I have the same problem with my 466.. I changed the lift pump, changed filters. Is there a screen at the end of the fuel pickup? Let me know if you figure it out.. Mine will only act up after I run the truck on the road for awhile..


----------



## alpine779 (Feb 16, 2010)

check the fuel lines throughout the engine guys, they collapse internally - we had the exact same problem with ours and this was the cause of it


----------



## john mc (Jan 4, 2009)

some have a oil pressure switch telling the fuel injection pump it has oil psi . if oil psi drops or faulty sender it will shut off. old oil will do it also


----------



## Stan (Nov 28, 2003)

I had a problem years ago with a Cummins that drove me and several shops scratching their heads.
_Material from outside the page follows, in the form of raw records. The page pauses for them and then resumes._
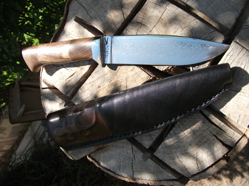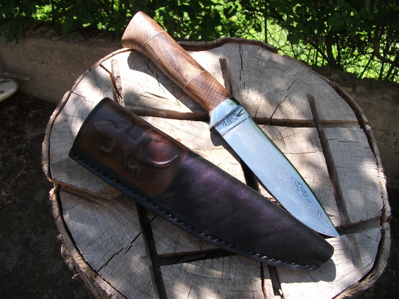 Ножны- кожа 5мм, черного цвета+ тиснение.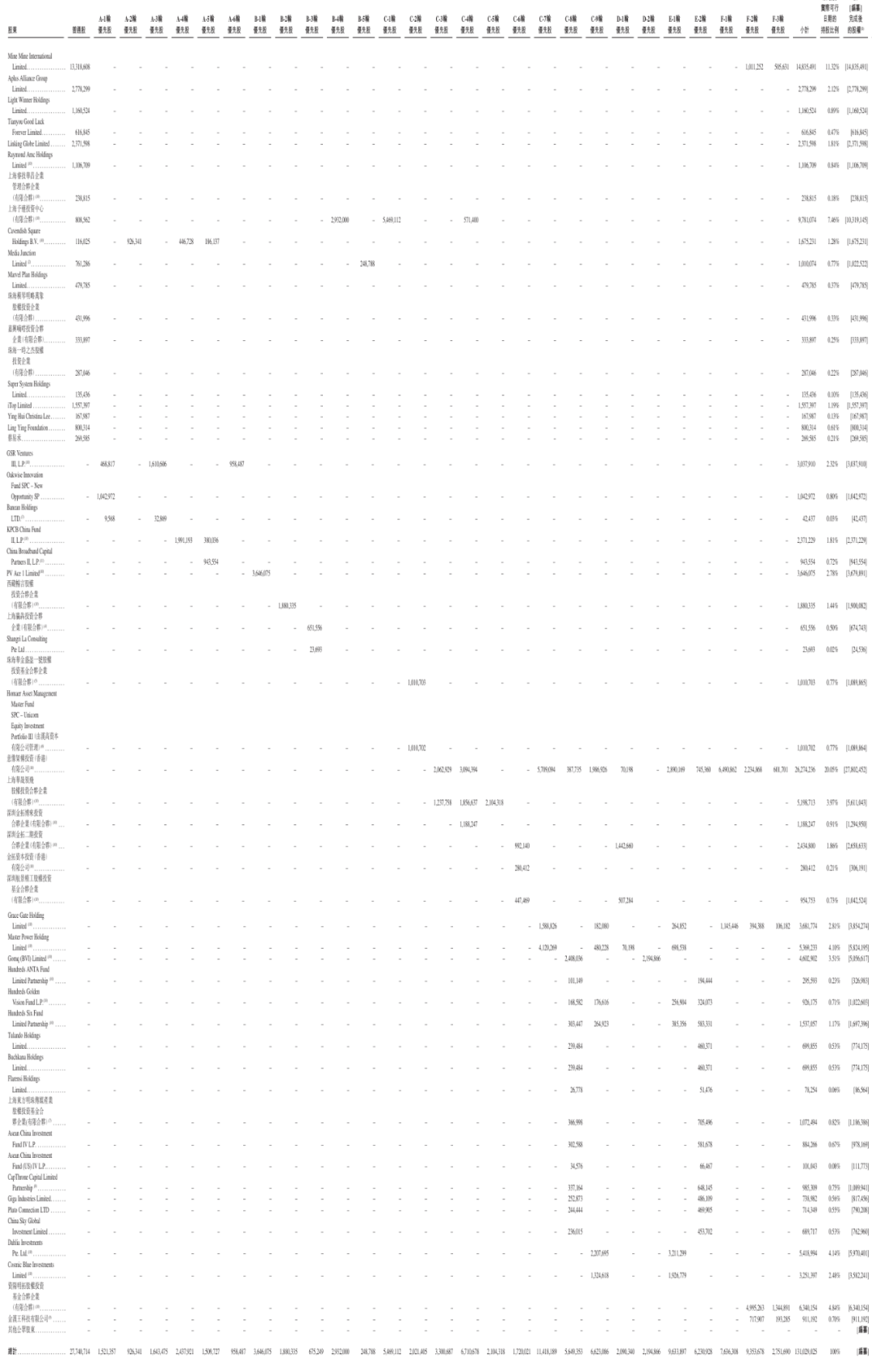 红杉中国持股为7.46%,淡马锡(Temasek)持股为4.14%,华兴资本通过华晟持股为3.97%,星界持股为3.51%,春华持股为2.78%;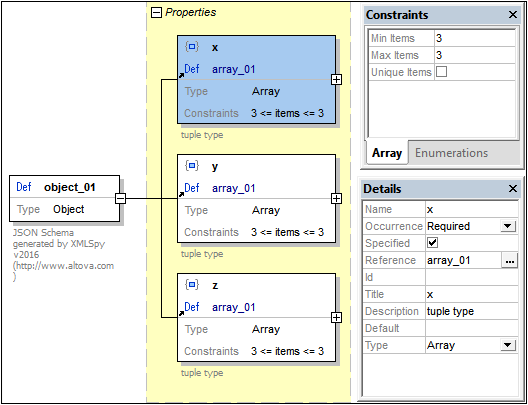 Alle drei Arrays im Codefragment oben haben dieselbe Definition. Jedes enthält drei geordnete Elemente in der folgenden Reihenfolge: (i) ein Zahlelement, ein (ii) Zahlelement, (iii) ein String-Element. In der Abbildung unten sehen Sie dieses Objekt als Schemabeschreibung. Da die Definition für alle drei Arrays dieselbe ist, wurde sie in einem globalen Array namens array_01 erstellt. Jedes der drei Arrays (x, y und z) referenziert das globale Array array_01.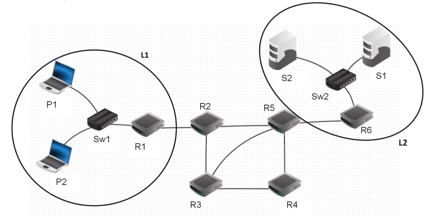 La figure 1 ci-dessus représente le schéma d’un réseau d’entreprise. Il y figure deux réseaux locaux L1 et L2. Ces deux réseaux locaux sont interconnectés par les routeurs R2, R3, R4 et R5. Le réseau local L1 est constitué des PC portables P1 et P2 connectés à la passerelle R1 par le switch Sw1. Les serveurs S1 et S2 sont connectés à la passerelle R6 par le switch Sw2.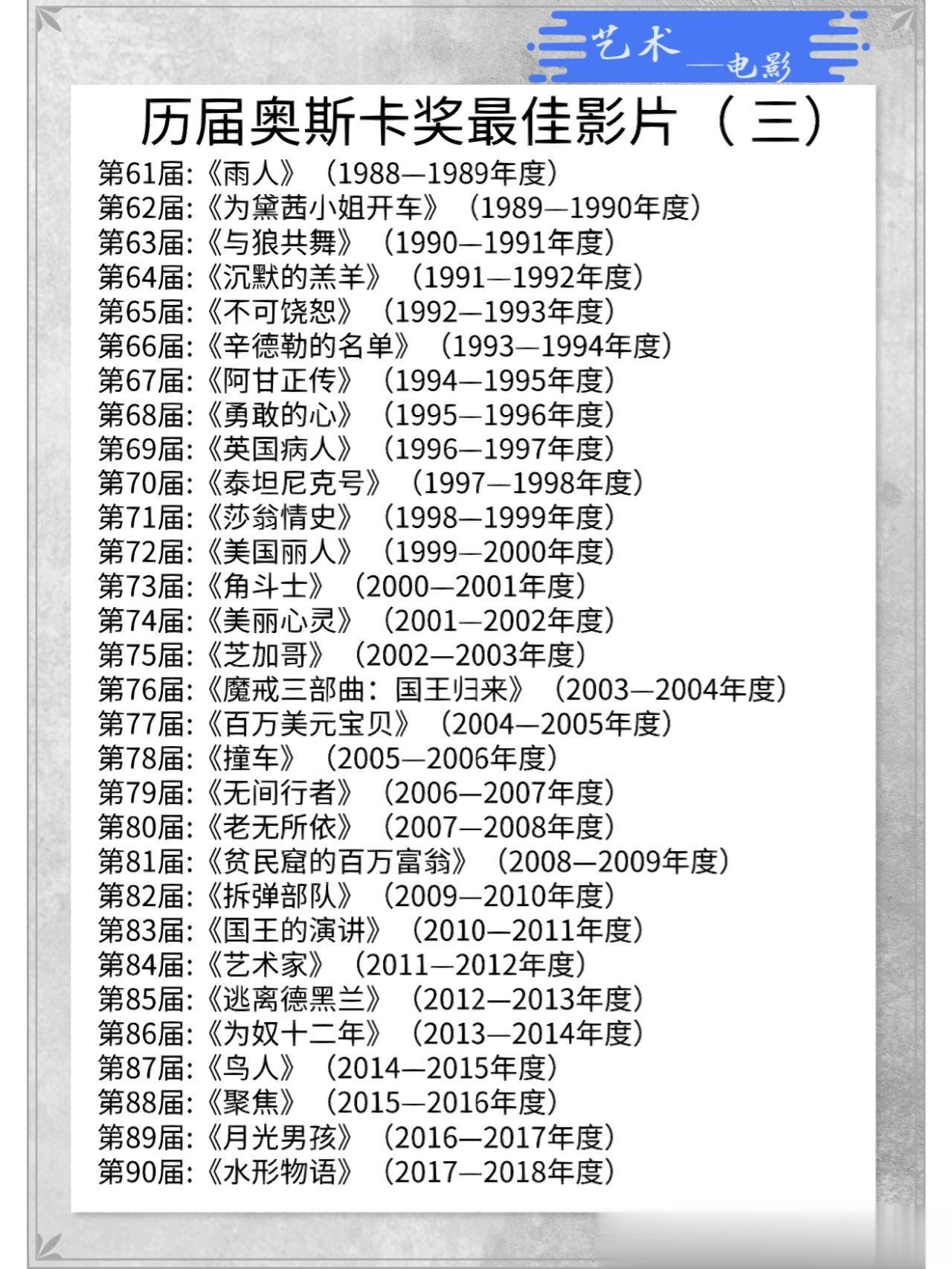历届奥斯卡奖最佳影片,全部收齐了 🐎住!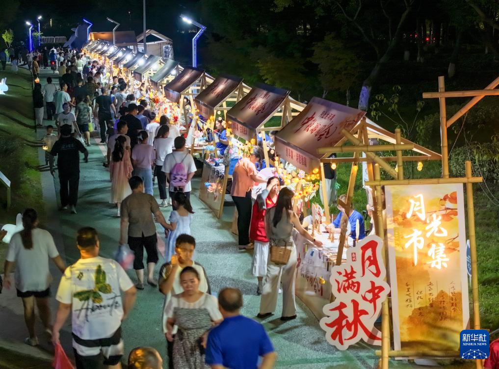 9月15日,游客在江蘇省泰興市龍河灣公園逛“月光市集”(無人機照片)。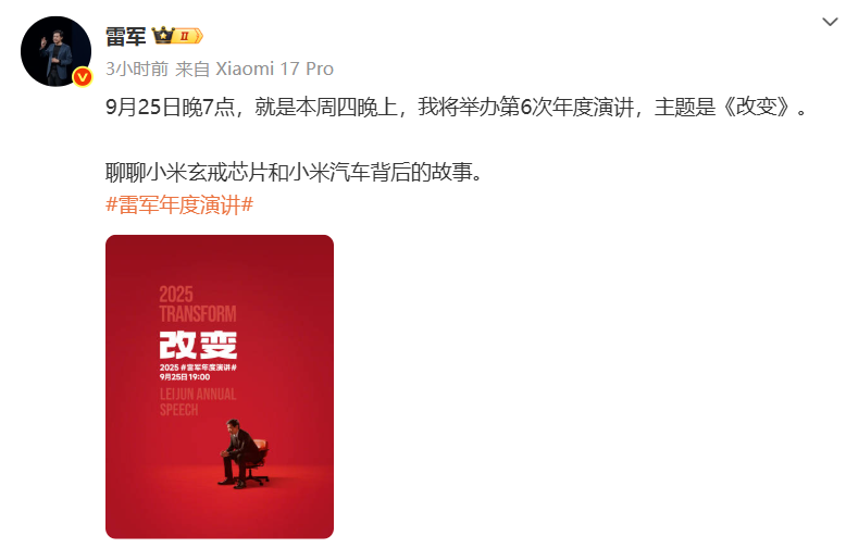 小米17定档9月25日发布,雷军当晚举行《改变》演讲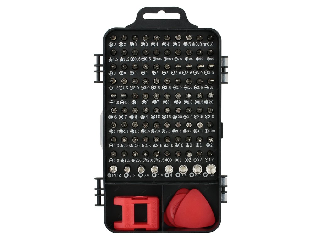 RT0140 to zestaw 110 precyzyjnych narzędzi, bitów i otwieraków z lekkim aluminiowym uchwytem przeznaczony do precyzyjnych napraw serwisowych telefonów i smartfonów w tym produktów marki Apple oraz wszelkiej elektroniki konsumenckiej.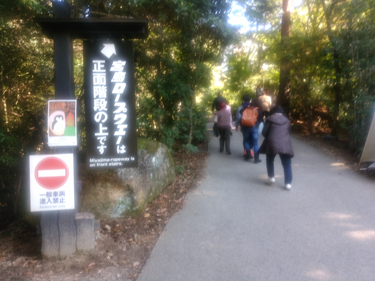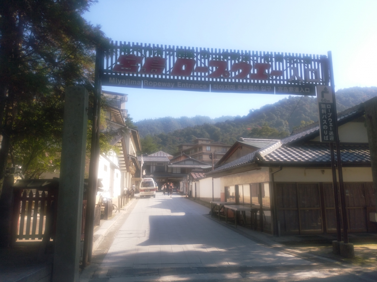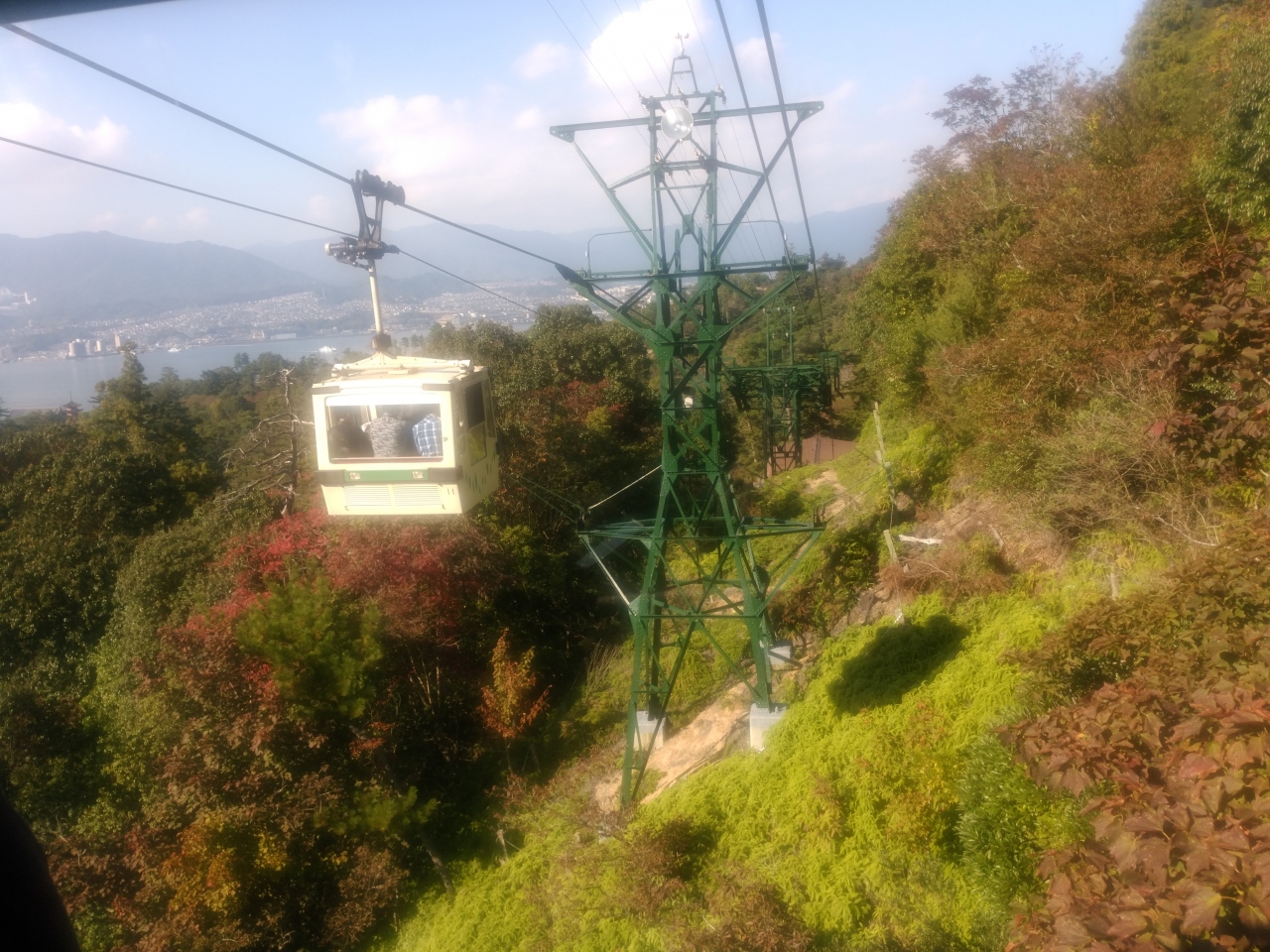 本殿からの帰り道に三翁神社がありますが、その横にロープウエイ乗り場の看板があります。そこから少し歩くと「岩惣」と言う旅館の前にロープウエイのへの乗船券が販売されており、その少し先にある無料送迎バスに乗っていくとロープウエイ乗り場に到着します。バスは満員で外人が多かったです。ロープウエイは紅葉谷駅から榧谷駅迄は循環式で最大8人乗り(全員が着席できます)、榧駅から獅子岩駅迄は交差式で30人乗り(ロープウエイには28人乗りと記載)の乗り換え着席は一部で殆どは立った状態で14分で到着します。ロープウエイからの景色は空中散歩と呼ばれるだけあって素晴らしい景色でした。でも30人乗りのロープウエイはほぼ満員で出発する為乗る位置によっては絶景が見られないかも。見られない場合は、帰りのロープウエイが空いているので見て下さい。

I was covered under warranty which was a good thing. On the way to California I stopped for fuel in Reno. The next day in Sacremento the truck was cutting out, low power etc. Long story short 5 shops did everything imaginable. On the way into NY it did it again, stopped in this hole in the wall shop in PA. He looked down the fuel tank with a flash light and probed around with a welding rod. (unfluxed) Low and behold it was a round piece of foil used to seal fuel conditioner the size of a nickel. Evidently some wise ass put that foil inside the nozzle at the pump in Reno. Once removed the truck ran like a charm!
Also recently we had a Cat that had a kinked fuel line. These are things to look for.


----------



## alpine779 (Feb 16, 2010)

How did you make out with the truck?


----------



## csi.northcoast (Aug 7, 2010)

Well i finally got the truck back, turns out it was a fuel ine, and some crap in the lift pump. thanks guy for all your input, i just drove it back to my shop, so i did not give it the full test, but i got up to 65 with a half load of stone so that is a good sign


----------



## alpine779 (Feb 16, 2010)

Thats good to hear.


----------



## csi.northcoast (Aug 7, 2010)

yes it is ...thank you to plowsite and everyone else that uses this site


----------